Single-dose tafenoquine 300 mg coadministered with chloroquine for P vivax malaria relapse prevention was more efficacious than chloroquine alone, with a similar safety profile. As a result, it has been selected for further clinical assessment in phase 3.
GlaxoSmithKline, Medicines for Malaria Venture.
先前用于治疗间日疟原虫感染的临床疗效受到了依从性的影响。我们旨在评估单剂量他非诺喹加 3 天氯喹治疗间日疟原虫根治的剂量反应、安全性和耐受性。
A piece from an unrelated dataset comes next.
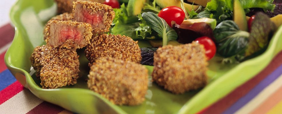 Bocconcini di manzo al sesamo con insalata | Sale&Pepe
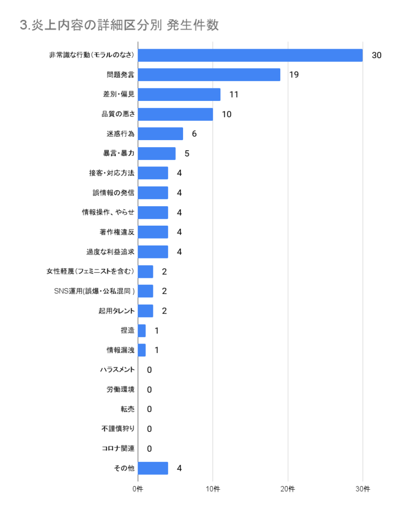 炎上内容の詳細を分析したところ、「非常識な行動(モラルのなさ)」に関する炎上事案が30件と最も多く、次いで「問題発言」に関する炎上事案が19件でした。

在这项双盲、随机、剂量范围的 2b 期研究中,从巴西、秘鲁、印度和泰国的 7 个社区卫生中心和医院招募了经显微镜确认患有单纯间日疟原虫感染(寄生虫密度>100 至<100000 每μL 血液)的男性和女性(年龄≥16 岁)。排除葡萄糖-6-磷酸脱氢酶活性低于 70%的患者。符合条件的患者接受氯喹(第 1-3 天),并通过计算机生成的随机分组方案随机分配(1:1:1:1:1:1),接受单剂量他非诺喹 50mg、100mg、300mg 或 600mg,14 天的磷酸伯氨喹,或单独氯喹。随机分组按基线寄生虫计数(≤7500 和>7500 每μL 血液)分层。主要疗效终点是初始剂量后 6 个月的无复发疗效(即初始感染清除而无随后显微镜确认的感染),通过意向治疗进行分析。这项研究在 ClinicalTrials.gov 注册,编号为 NCT01376167。
在 2011 年 9 月 19 日至 2013 年 3 月 25 日期间,329 名患者被随机分配到治疗组(氯喹加他非诺喹 50mg [n=55]、100mg [n=57]、300mg [n=57]、600mg [n=56];或氯喹加磷酸伯氨喹 [n=50];或氯喹单独 [n=54])。6 个月时无复发疗效分别为他非诺喹 50mg 组为 57.7%(95%CI 43-70)、他非诺喹 100mg 组为 54.1%(40-66)、他非诺喹 300mg 组为 89.2%(77-95)、他非诺喹 600mg 组为 91.9%(80-97)、磷酸伯氨喹组为 77.3%(63-87)、氯喹单独组为 37.5%(23-52)。他非诺喹 300mg 和 600mg 组的疗效优于氯喹单独组(治疗差异分别为 51.7%[95%CI 35-69],p<0·0001,他非诺喹 300mg 和 54.5%[38-71],p<0·0001,他非诺喹 600mg),磷酸伯氨喹组也优于氯喹单独组(治疗差异 39.9%[21-59],p=0·0004)。各治疗组的不良反应相似。329 名患者中有 29 例(8%)发生 29 例严重不良事件;QT 延长是最常见的严重不良事件(329 例中有 11 例[3%]),225 例接受他非诺喹治疗的患者中有 5 例(2%)、50 例接受磷酸伯氨喹治疗的患者中有 4 例(8%)、54 例接受氯喹单独治疗的患者中有 2 例(4%),没有证据表明氯喹加他非诺喹联合用药对 QT 有额外的影响。
单剂量他非诺喹 300mg 联合氯喹预防间日疟原虫复发的疗效优于氯喹单独治疗,安全性相似。因此,它已被选中用于 3 期临床试验的进一步评估。
葛兰素史克公司,疟疾药物促进协会。